Ein weiterer Einflussfaktor auf die Durchführbarkeit einer Methode ist die fehlende Konfiguration des Projektvorgehens. Häufig fehlt die Zeit vor dem Projektstart alle Projektbereiche auf die spezifischen Gegebenheiten anzupassen. Projekte sind nicht miteinander vergleichbar, dass macht unsere Projekte so einzigartig. Entweder liegen neue Ziele, ein neues Team oder ein ganz neues Umfeld in dem das Projekt durchgeführt werden soll, vor. Wie also können wir davon ausgehen, dass ein Vorgehen, welches bei dem einen Projekt funktioniert hat, auch bei weiteren Projekten ohne Anpassungen funktionieren kann?
So stellt sich mir die Frage, ob wir uns eine Meinung über die Relevanz von Methoden in der Praxis erlauben dürfen. Kann die Relevanz überhaupt Infrage gestellt werden, wenn diese bereits zu Beginn nicht vollständig oder schlicht fehlerhaft angewendet wurde?

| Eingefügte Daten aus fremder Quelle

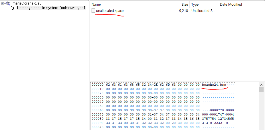 이미지를 열어보면 그 안에 unallocated space 라는 부분이 있고,

Projektrahmenwerke wie PITPM (Pragmatisches IT Projektmanagement) sehen vor Projektstart eine umfangreiche Konfiguration der Projektbereiche vor. Das bedeutet, dass wir uns zu Beginn praktisch ein ganz eigenes Vorgehen für unser Vorhaben erstellen. Es werden im PITPM neun Wissensgebiete konfigurativ angepasst. Dabei wird nicht nur das Projekt, sondern auch gezielt das Projektumfeld betrachtet. Dadurch ist es unter anderem möglich Stakeholder situativ mit einzubeziehen. Als Ergebnis der Projektkonfiguration steht ein eigens angepasstes Vorgehensmodell, welches theoretisch einzigartig für unser einmaliges Vorhaben entwickelt wurde. In Projekten, für die eine Konfiguration stattgefunden hat, werden anschließend Methoden angewendet, die ebenfalls passend für das Vorgehen ausgewählt wurden. Außerdem wird durch die Projektkonfiguration sichergestellt, dass alle Beteiligten mit ausgewählten Methodiken arbeiten können. Wie kann die Projektvorgehensmethode anschließend für die Praxis nicht relevant sein, wo theoretisch das gesamte Vorgehen maßgeschneidert ist?
Das Rahmenwerk PITPM ist hier nur ein kleines Beispiel für eine Modell, welches ein hohes Maß an Praxisrelevanz aufweist, wenn die Zeit investiert wird diese auch wirklich anzuwenden. Wir sollten uns also nicht grundsätzlich gegen die Methodik verschwören, nur weil wir einmal schlechte Erfahrung gesammelt haben, sondern die Augen offenhalten, bis uns die für uns passende Methode über den Weg läuft. Meiner Meinung nach sollte nicht die Relevanz von Methoden in der Praxis hinterfragt werden, sondern die Art und Weise wie wir diese für unser Projekt auswählen und anwenden. Insbesondere, wenn diese lückenhaft angewendet werden und wir den einzigartigen Charakter unserer Projekte außer Acht lassen. Methoden können nach wie vor ein guter Wegweiser sein, wenn wir uns die Zeit nehmen diese zu verstehen oder uns diese durch eine:n Experten:in näherbringen lassen.